How to complete this task:
What is needed is a word-for-word copy of the listing below, without pictures.

Recorded information:
◆ ◆ ◆ ◆ ◆

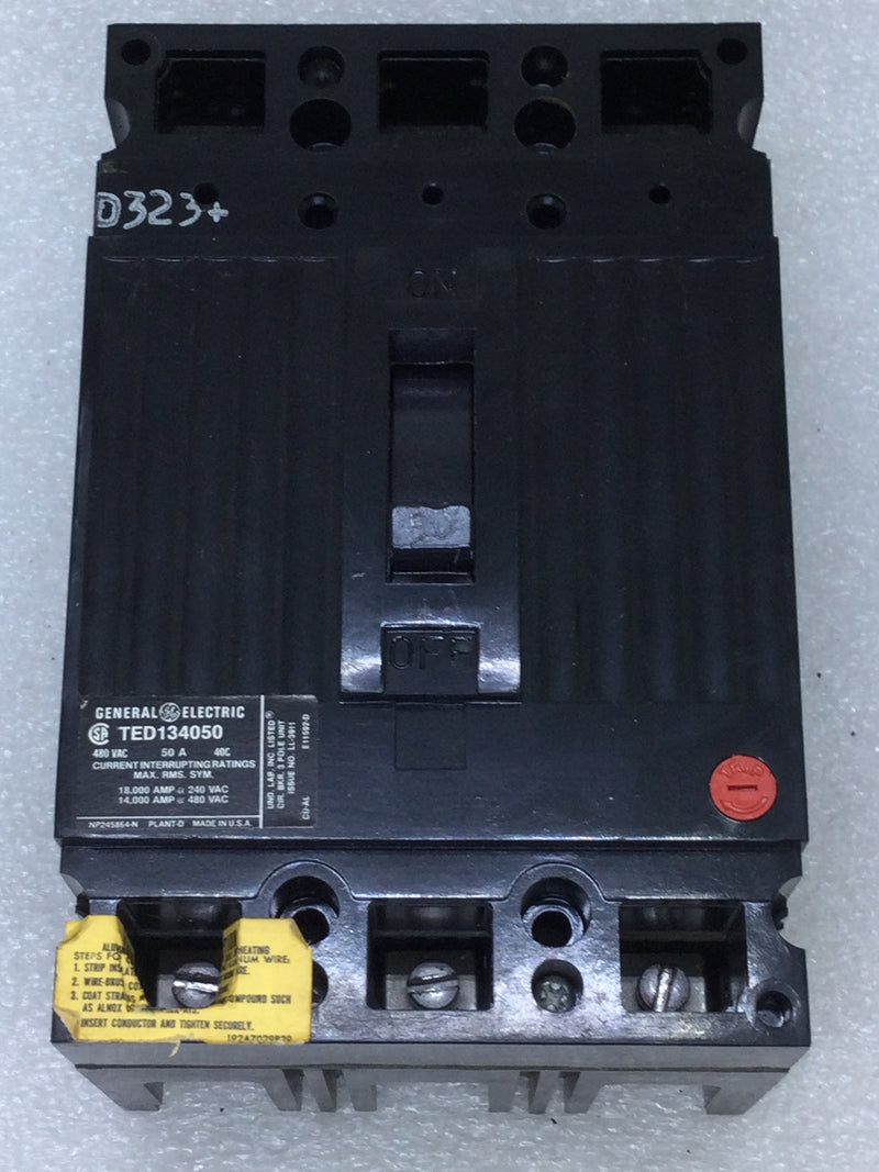 General Electric TED134050 50 Amp 3 Pole 480V Circuit Breaker - Cosmetic Flaw
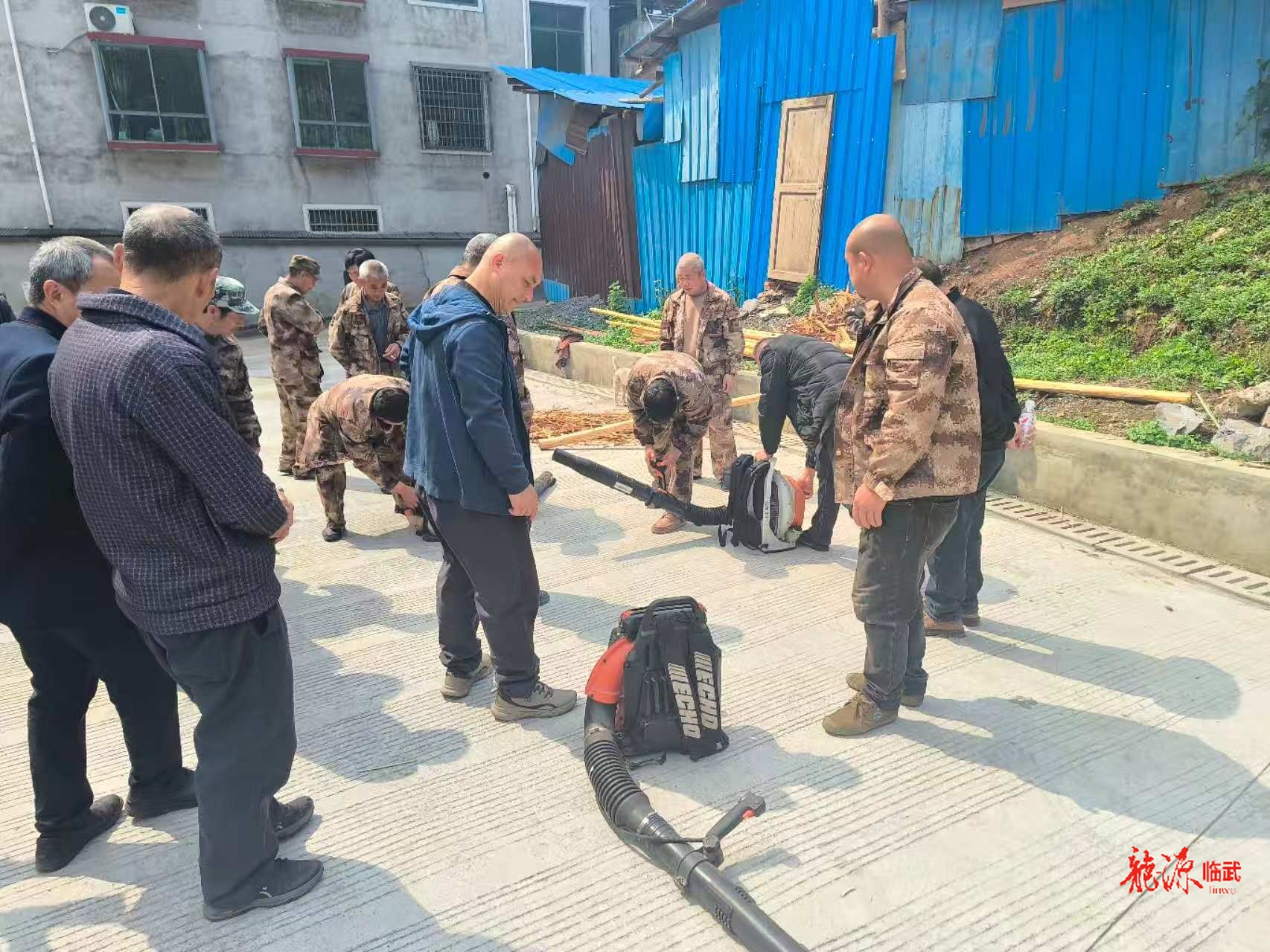 现场教学风力灭火机的组装、启动与操作技巧。(通讯员:肖博仁 王磊)
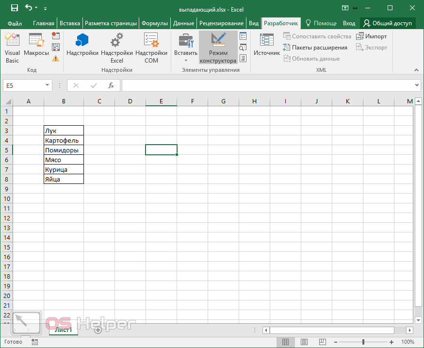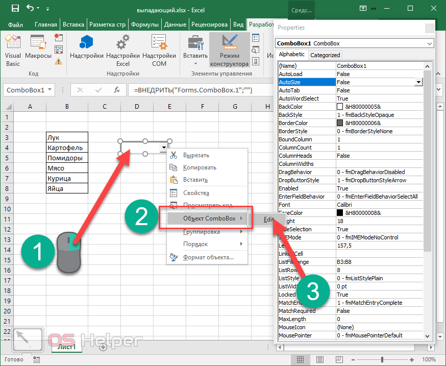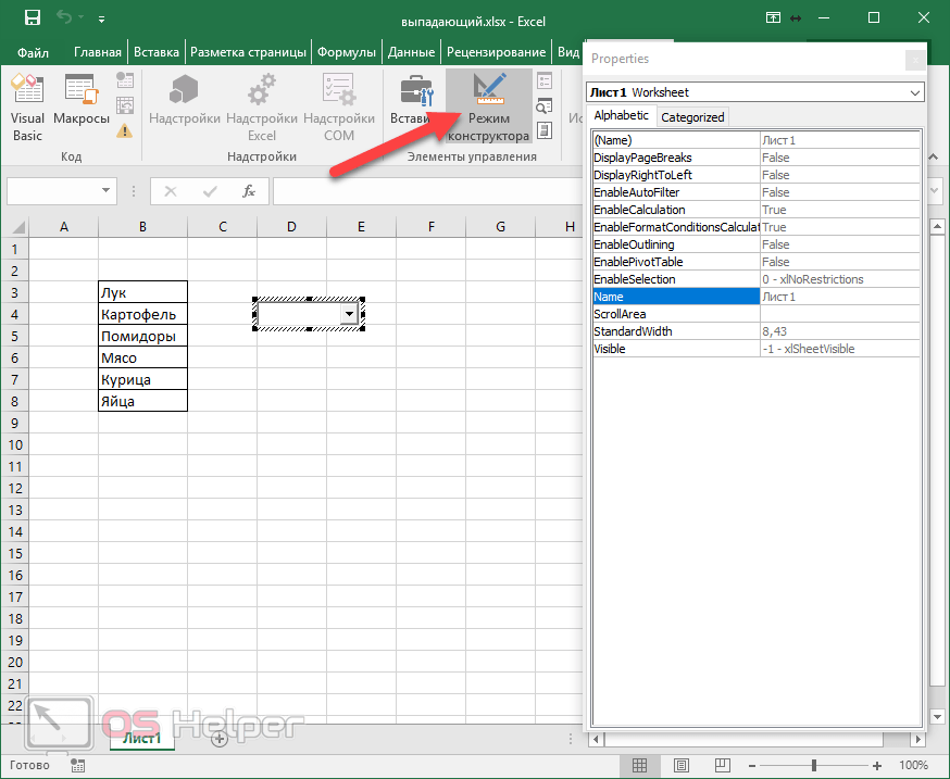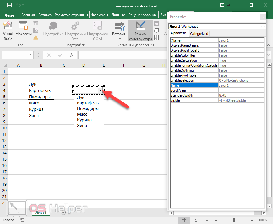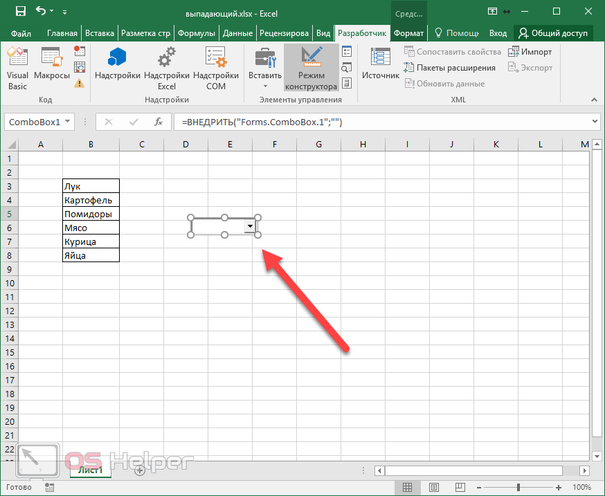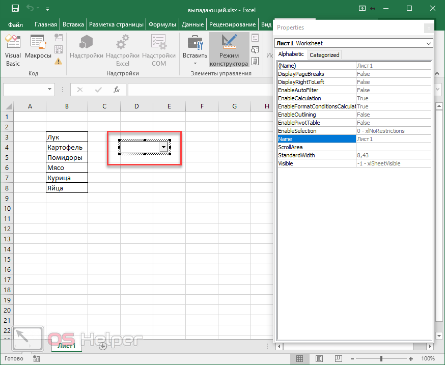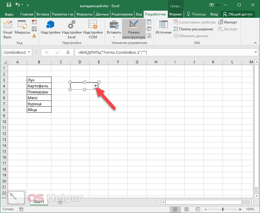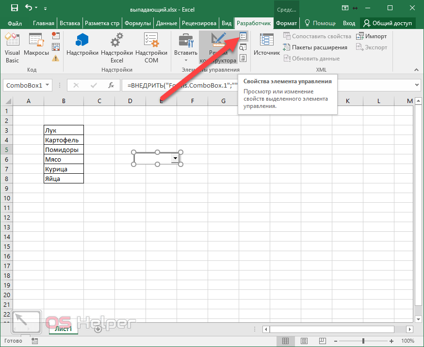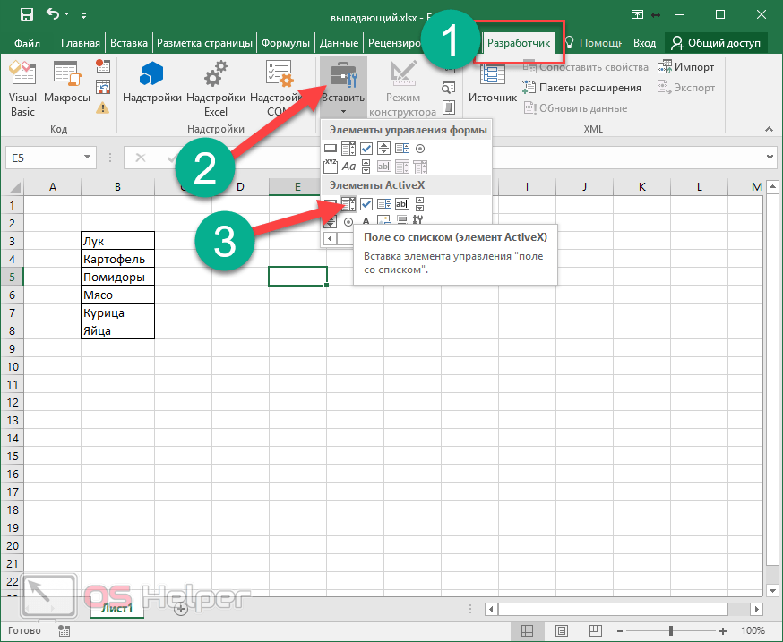 Как создать в Экселе выпадающее меню: пользуемся элементами ActiveX

◆ ◆ ◆ ◆ ◆

Exercise answer:
 General Electric TED134050 50 Amp 3 Pole 480V Circuit Breaker - Cosmetic Flaw
 现场教学风力灭火机的组装、启动与操作技巧。(通讯员:肖博仁 王磊)
 Как создать в Экселе выпадающее меню: пользуемся элементами ActiveX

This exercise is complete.